Unemployment has also contributed to insecurity with muggings along the dark alleys is a common occurrence. If you happen to be walking around after 8:00 p.m., and think meeting a uniformed Policeman is a guarantee of safety, then you are in for the surprise of your life. Police are masters of extortion. After a thorough search of your pockets (mainly your money purse) you will be required to part with a certain amount of your cash referred to as “Kitu Kidogo” to buy your freedom, or face the alternative of spending your night in a Police cell. Come morning you can be charged with any offence the arresting officer will see fit. They mostly go for drunk and disorderly. The insecurity has given birth to vigilante groups, where by boys take turns to watch their neighbourhoods often ending in mob-justice when a suspect is caught.

With so much free time on their hands the youths have also turned to dangerous sexual behaviours. Virgins are like water in the Sahara. Virginity has been turned to a myth with children as young as 7 years old engaging in sex. Most of the jobless girls and women have turned to prostitution in order to earn their daily bread. No wonder nearly 80% of the slum population is either infected or affected by the AIDS scourge. The government has tried its best to educate its citizens of the epidemic, but it's obvious the trickle effect is very minimal at the grassroots and many more will succumb to the killer disease. The poor infrastructure here is no secret and can be summed up in a few lines. One public hospital, one public secondary school, one public primary school, two tarmac stretches of road and a few dusty murram ones. Since the current government made primary education free, the public schools are overpopulated and understaffed thus giving rise to numerous private institutions, most of which are too expensive.

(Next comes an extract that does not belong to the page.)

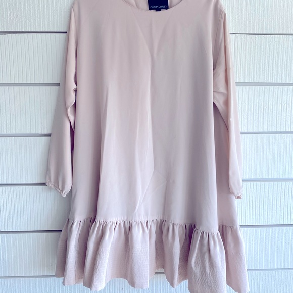 This drop hem pale pink dress is super cute and perfect to transition into the fall/winter months. This dress is so cute paired with leggings or knee high boots. It's very comfortable and super flattering! A few marks (as pictured) but still in great, wearable shape. Originally retailed for $395 so this is a steal!
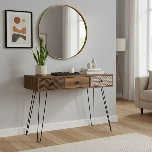 Κονσόλα Boho καρυδί με μεταλλικά πόδια 100×50,5×74,5εκ

The sewerage system cannot even compare to ancient Mesopotamia. If you take a walk around my hood, you cannot believe it's a part of the same green Kenya seen in movies, commercials and tourist brochures. Open trenches carry dirty stagnant water, raw human waste and garbage. With a ratio of 1 toilet to every 200 persons, many have no choice but to use “flying toilets” where you help yourself in a plastic bag within the confines of your home, as soon as darkness creeps in, you spin and throw the bag as far away as possible regardless of where or whom the waste will land on. It's pretty sick but what can one do? The communal toilets are charged at about five shillings per session but who wants to part with money that can be used to buy food with? Clean water is also scarce. One has to purchase untreated water from wells. Electricity is no good either as the landlord's resell the power to their tenants at higher prices even though they switch the power off during the daytime. Others deal with stolen electricity with the wires not insulated, hanging dangerously or buried in shallow trenches, when the rains come, the lives that are lost are uncountable.

In Kawangware, 45% of the people live in extreme poverty. It just reflects what people face in other slums in Kenya and Africa as whole, problems that are too many to be highlighted in a few paragraphs. The gap between the poor and the rich is steadily widening. The politicians who control almost everything in these African countries continue playing mind games with the poor who make up 90% of the voters. They continue giving empty promises while they pass bills to award themselves with hefty allowances. Is there really a light at the end of the tunnel or is it a highway to the epicentre of poverty?

Next time you're on holiday, take a little time from your schedule, away from the Game Parks, famous landmarks and beautiful beaches and visit the real Africa. See who is at the bottom of the food chain.

My grumbling stomach keeps me awake for some time. Obviously the food I ate wasn't enough. I lay there thinking, wondering, pondering...what will I have tomorrow for breakfast?